Any metric that has Wroten, Staukas, and Canaan ahead of the one guy who appears to have a clue doesn't do it for me.
Okafor being awful isn't a hill I'm about to die on, but this is backwards to me. The whole point of analytics is (hopefully) to teach us stuff, not to confirm what we already think. You're free to disregard RPM with respect to Okafor - it's not a perfect stat by any means, but I don't think this is the most solid line of reasoning why.
With respect to Okafor, I think what's going on is largely the Sixers attempt to use him and Noel together. That combo has a mind boggling -25.6 net rating when they're on the court together (about six points worse than Okafor's overall rating). It's just a terrible idea, so Okafor is barely being given a shot to succeed in those minutes. Even if were good, he'd be screwed. That said, he's only spent ~40% of his minutes on the floor with Noel, and he has a raw +/- of -14.4 so far this year. The Sixers have been
dramatically better when Okafor is off the court, and that can't all be blamed on the spacing issues Noel presents.

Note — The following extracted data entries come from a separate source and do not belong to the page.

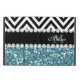 PARTIES SCINTILLANTES BLEU-CLAIR GIRLY (EFFET IMPRIMÉ) AVEC LE MOTIF NOIR ET BLANC DE CHEVRON, DÉCORÉ D'UN MONOGRAMME AVEC VOTRE NOM, VOTRE INITIALE OU MONOGRAMME SUR UNE RAYURE NOIRE OU BANDE AVEC UNE FRONTIÈRE DES DIAMANTS BLANCS IMPRIMÉS. CONCEPTION MIGNONNE FRAÎCHE À LA MODE ET CHIC POUR ELLE, L'AVANT-GARDISTE, LE FASHIONISTA
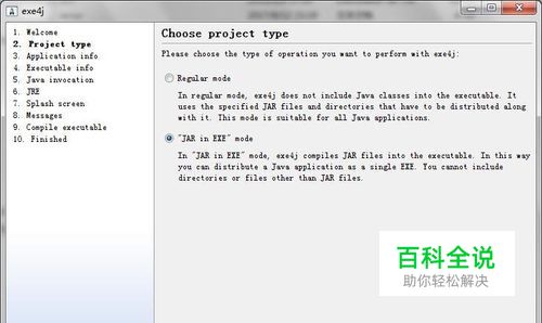 首先打开exe4j将jar打包成exe文件,具体操作不在这赘述,说两个注意点就好。首先模式要选对,选jar-exe
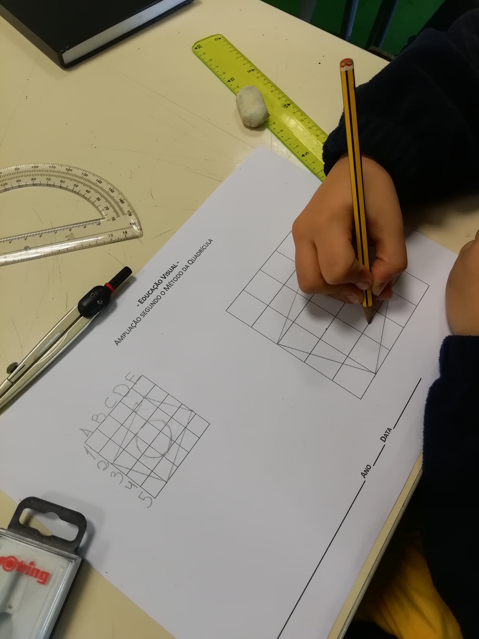 Educação Visual – Curiosidades sobre Escala, Redução e/ou Ampliação: representação de elementos físicos ou objetos no espaço. Composição gráfica ampliando (para o dobro) e/ou reduzindo (para metade), segundo o método da quadrícula.
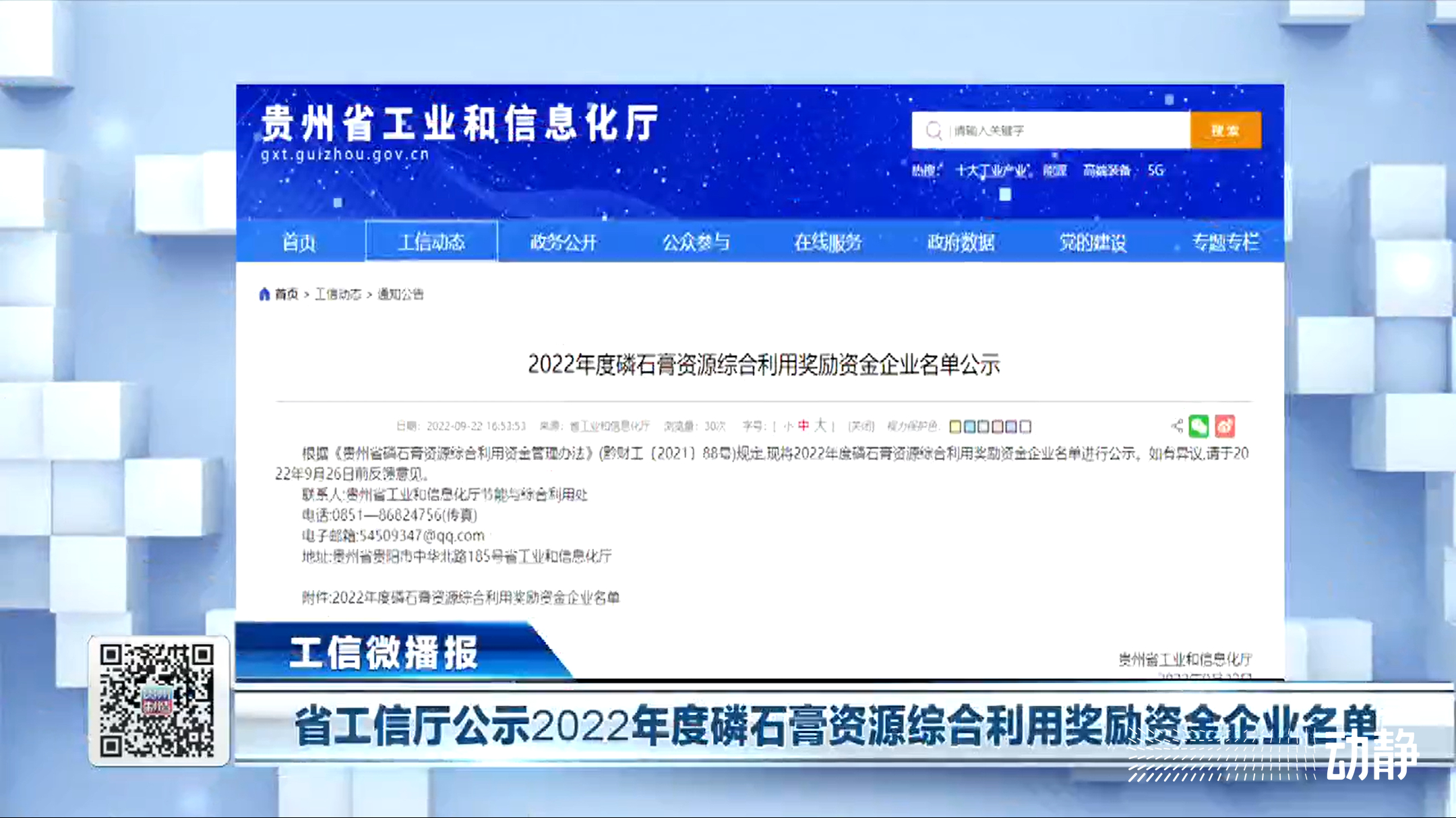 省工信厅公示2022年度磷石膏资源综合利用奖励资金企业名单
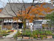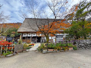 和風の休み処となっている合掌庵。細かい和風の飾りにもてなしの心を感じる。記念切手に登場する家。
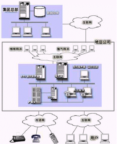 各地區(qū)系統(tǒng)通過互聯(lián)網(wǎng)和下屬維修網(wǎng)點、銷售網(wǎng)點相連,構(gòu)成一個地區(qū)性服務(wù)網(wǎng)絡(luò)。各地區(qū)系統(tǒng)通過互聯(lián)網(wǎng)和集團總部連接,構(gòu)成信息收集網(wǎng)絡(luò)。前者支持業(yè)務(wù)服務(wù),后者支持管理決策,共同構(gòu)成綜合公用事業(yè)服務(wù)平臺。
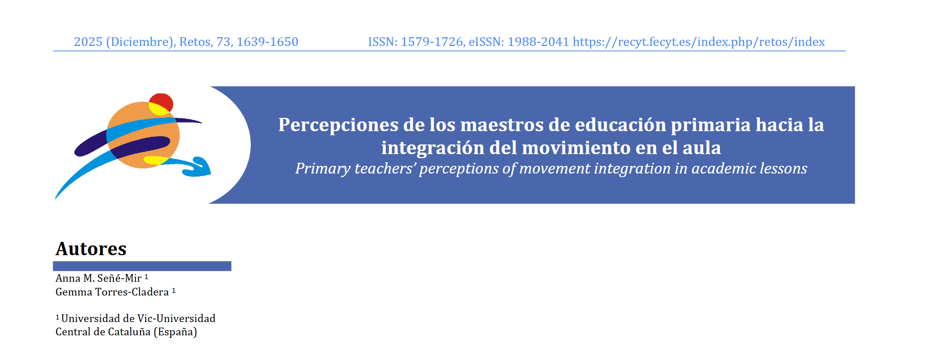 Les investigadores Anna M. Señé i Gemma Torres publiquen els resultats d’un estudi qualitatiu a la revista Retos, centrat en identificar les percepcions dels i les mestres d’educació primària envers la integració del moviment a l’aula.
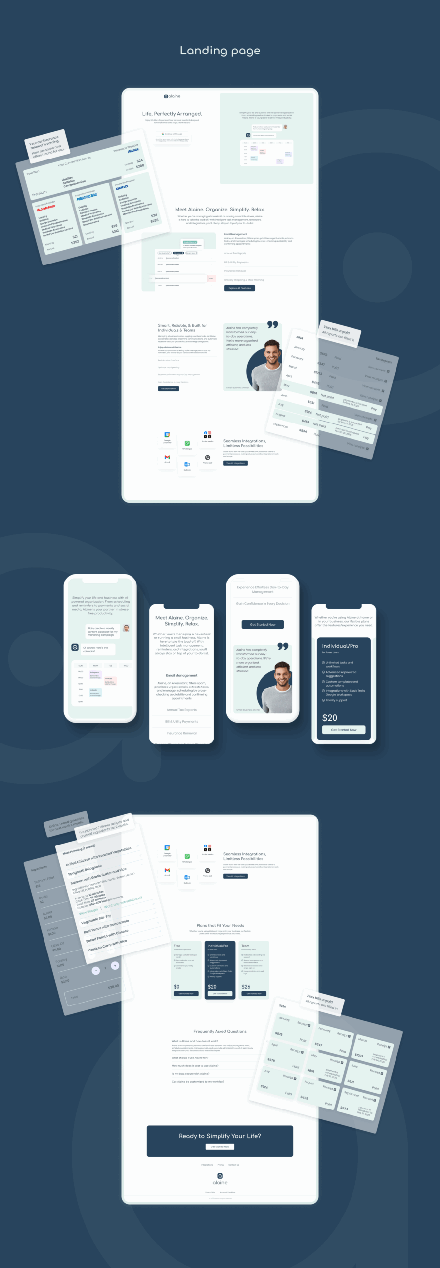 Alaine is an AI-powered personal and business assistant designed to simplify life through intelligent task management, scheduling, email organization, and workflow automation. Positioned at the intersection of productivity, AI, and everyday usability, the company approached us with the goal of creating a strong, unified brand identity and a digital presence that clearly communicates its value. The challenge was to present a highly technological product in a way that feels approachable, trustworthy, and relevant to both individual users and small business owners, while differentiating it in a rapidly growing market of AI solutions.
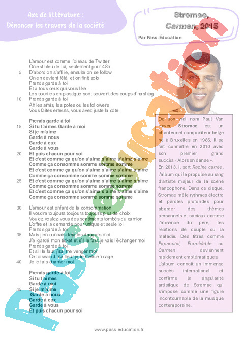 Littérature Carmen (Stromae) – 3ème pdf
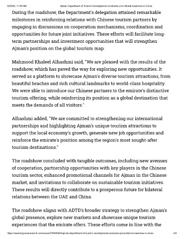 9/29/25, 11:09 AM Ajman Department of Tourism Development concludes promotional roadshow in China

I wonder what Kobe's secret to a positive ORPM is. He has a TS% of 44.9%, with more FGA per game than Okafor.
This is why BPM is useful. Lets you unpack what RPM is "seeing." Apart from FG%, basically every aspect of his game favors Kobe. He's got a decent steals rate (which helps offense as well as defense), he shoots a ton of threes (spacing impact), he has triple the assists and fewer turnovers. Finally, BPM includes a interaction factor of AST%*TRB%, which basically serves to reward out of position stats (boards from a guard, or assists from a big). Okafor gets credit for neither. He's a poor passing, poor rebounding big.
I'm a little surprised the FG% difference doesn't overwhelm it, but it's hard to eyeball BPM because it's nonlinear.